A method for selecting model parameters based on accuracy and computational feasibility criteria
DOI: 10.31673/2412-9070.2026.318101
Abstract
This paper provides a formal description of an algorithm for determining the feasible domain of admissible parameters for a discrete mathematical model of acoustic wave propagation in validation tasks based on field measurements. The key practical challenge addressed by the algorithm is the need to satisfy several requirements simultaneously: numerical correctness of the simulation, computational feasibility under limited resources, and sufficient agreement between simulation outputs and experimental observations according to a predefined accuracy metric. In typical validation work-flows, increasing numerical resolution or model detail can improve accuracy, but it also increases runtime and memory consumption, which makes many configurations impractical for repeated runs and parameter studies. Therefore, a systematic and reproducible procedure is required to identify the set of parameter configurations that meets the target accuracy while remaining feasible on the available hardware.
The proposed algorithm is based on sequential selection (filtering) of parameter configurations according to a cascade of criteria. First, configurations are checked for numerical correctness to exclude those that violate stability or other validity conditions and may lead to non-physical results or divergence. Second, for configurations that pass the numerical filter, computational resources are measured (execution time and, if available, memory usage) and compared with predefined limits to ensure resource feasibility. Third, the accuracy of the model output is evaluated by comparing simu-lated signals with experimental measurements using a specified metric, and only configurations that satisfy the accuracy threshold are retained. If required, the algorithm includes an additional self-consistency verification step: the results of a candidate configuration are compared with a control computation of higher numerical accuracy (e.g., using refined discretization) in order to reject configurations that do not demonstrate acceptable convergence.
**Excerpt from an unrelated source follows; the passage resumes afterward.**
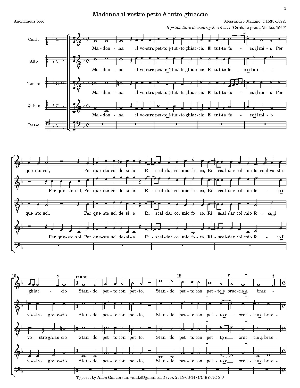 | First Publication | 1560 in Madrigali a 5 voci, Libro 1 (No.24) |

As a result, the algorithm produces a set of admissible parameter configurations that simultaneously satisfies hardware constraints and provides the required accuracy, thereby forming a practical basis for reproducible and interpretable parameter selection in software tools for validation of acoustic wave propagation models.
Keywords: mathematical model validation, acoustic wave propagation, discrete model, model parameters, admissible parameter domain, numerical correctness, computational feasibility, accuracy metric, self-consistency, configuration selection algorithm.